Proces z dokumentów
SB oskarżają jej własne dokumenty. W szyfrogramach generałowie pisali, że trzeba manipulować prokuratorskim śledztwem
- Śledztwa w sprawie śmierci Stanisława Pyjasa Proces z dokumentów
Klatka schodowa przy ulicy Szewskiej 7 w Krakowie. Tutaj znaleziono ciało Stanisława Pyjasa. FOT. ŁUKASZ TRZCIŃSKI
JERZY MORAWSKI
Obywatelka Kanady Anna K. znalazła ponad dwadzieścia lat temu okulary Stanisława Pyjasa. Z urwanym zausznikiem i grubymi szkłami. W kamienicy przy ulicy Szewskiej 7 w Krakowie, gdzie odkryto jego zwłoki, Anna B. prowadziła cukiernię. Kilka dni po wydarzeniu udała się do piwnicy. Przeszła przez wahadłowe drzwi w korytarzu, wyszła na podwórze i wkroczyła po stromych schodkach do piwnicy. Stał tam agregat do robienia lodów.

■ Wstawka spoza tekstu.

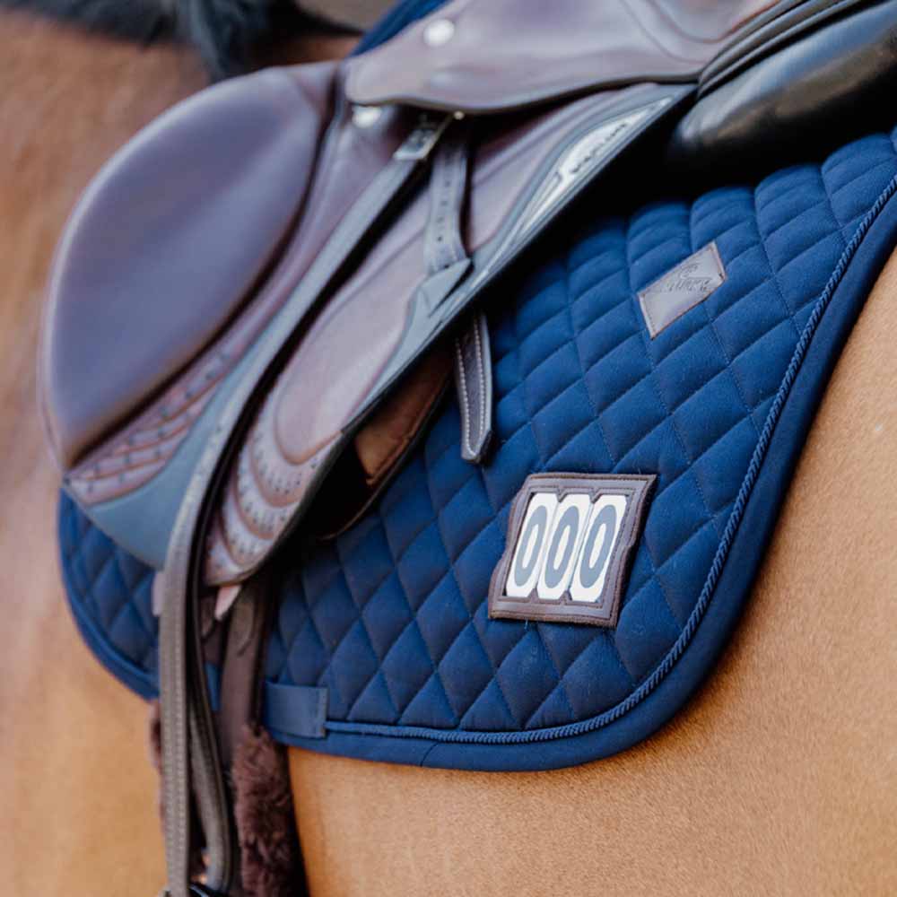 Podkładka pod sioło Kentucky Diamond Competition została zaprojektowana zarówno do zawodów, jak i treningu, skupiając się na funkcjonalności i stylu. Posiada odpinaną łatkę z sztucznej skóry, która pozwala na łatwe wyeksponowanie numeru startowego, co czyni ją praktycznym rozwiązaniem dla jeźdźców biorących udział w zawodach. Podkładka jest pikowana w wzór rybiej ości i wykonana z oddychającego materiału składającego się z 43% nylonu, 43% poliestru i 14% spandexu, co czyni ją idealną zarówno na zawody, jak i do treningu w domu.

Annę B. zdziwiło, że piwnica jest wysprzątana. Zawsze agregat pokryty był dużą warstwą kurzu, a podłoga usiana pyłem. Pod ścianą znalazła druciane okulary z urwanym zausznikiem, przyklejonym plastrem. Cichy wspólnik, którego poinformowała o odkryciu, kazał jej milczeć. Po kamienicy kręcił się tłum funkcjonariuszy. Przy bramie wejściowej studenci zapalali świeczki. Świeczki natychmiast usuwali smutni cywile.
Właścicielka cukierni wyjechała z kraju, osiadła w Kanadzie. Prokurator Krzysztof Urbaniak z krakowskiej prokuratury w połowie lat dziewięćdziesiątych wysłuchał
...
Archiwum Rzeczpospolitej to wygodna wyszukiwarka archiwalnych tekstów opublikowanych na łamach dziennika od 1993 roku. Unikalne źródło wiedzy o Polsce i świecie, wzbogacone o perspektywę ekonomiczną i prawną.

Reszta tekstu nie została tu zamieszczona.